If assets are released, the license, copyright information, and terms of use in the package should be provided. For popular datasets, paperswithcode.com/datasets has curated licenses for some datasets. Their licensing guide can help determine the license of a dataset. For existing datasets that are re-packaged, both the original license and the license of the derived asset (if it has changed) should be provided. If this information is not available online, the authors are encouraged to reach out to the asset s creators.

13. New Assets

Question: Are new assets introduced in the paper well documented and is the documentation provided alongside the assets?

Answer: [NA]

Justification: The paper does not release new assets.

Guidelines:

The answer NA means that the paper does not release new assets. Researchers should communicate the details of the dataset/code/model as part of their submissions via structured templates. This includes details about training, license, limitations, etc. The paper should discuss whether and how consent was obtained from people whose asset is used. At submission time, remember to anonymize your assets (if applicable). You can either create an anonymized URL or include an anonymized zip file.

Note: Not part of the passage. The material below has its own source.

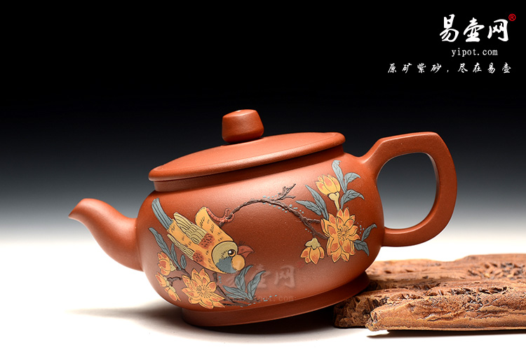 壶身泥绘有喜上枝头,寓意吉祥,泥绘美丽。

14. Crowdsourcing and Research with Human Subjects

Question: For crowdsourcing experiments and research with human subjects, does the paper include the full text of instructions given to participants and screenshots, if applicable, as well as details about compensation (if any)?

Answer: [NA]

Justification: The paper does not involve crowdsourcing nor research with human subjects.

Guidelines:

The answer NA means that the paper does not involve crowdsourcing nor research with human subjects. Including this information in the supplemental material is fine, but if the main contribution of the paper involves human subjects, then as much detail as possible should be included in the main paper. According to the Neur IPS Code of Ethics, workers involved in data collection, curation, or other labor should be paid at least the minimum wage in the country of the data collector.

15. Institutional Review Board (IRB) Approvals or Equivalent for Research with Human Subjects

Question: Does the paper describe potential risks incurred by study participants, whether such risks were disclosed to the subjects, and whether Institutional Review Board (IRB) approvals (or an equivalent approval/review based on the requirements of your country or institution) were obtained?

Answer: [NA]

Justification: The paper does not involve crowdsourcing nor research with human subjects.

Guidelines:

The answer NA means that the paper does not involve crowdsourcing nor research with human subjects. Depending on the country in which research is conducted, IRB approval (or equivalent) may be required for any human subjects research. If you obtained IRB approval, you should clearly state this in the paper.

We recognize that the procedures for this may vary significantly between institutions and locations, and we expect authors to adhere to the Neur IPS Code of Ethics and the guidelines for their institution. For initial submissions, do not include any information that would break anonymity (if applicable), such as the institution conducting the review.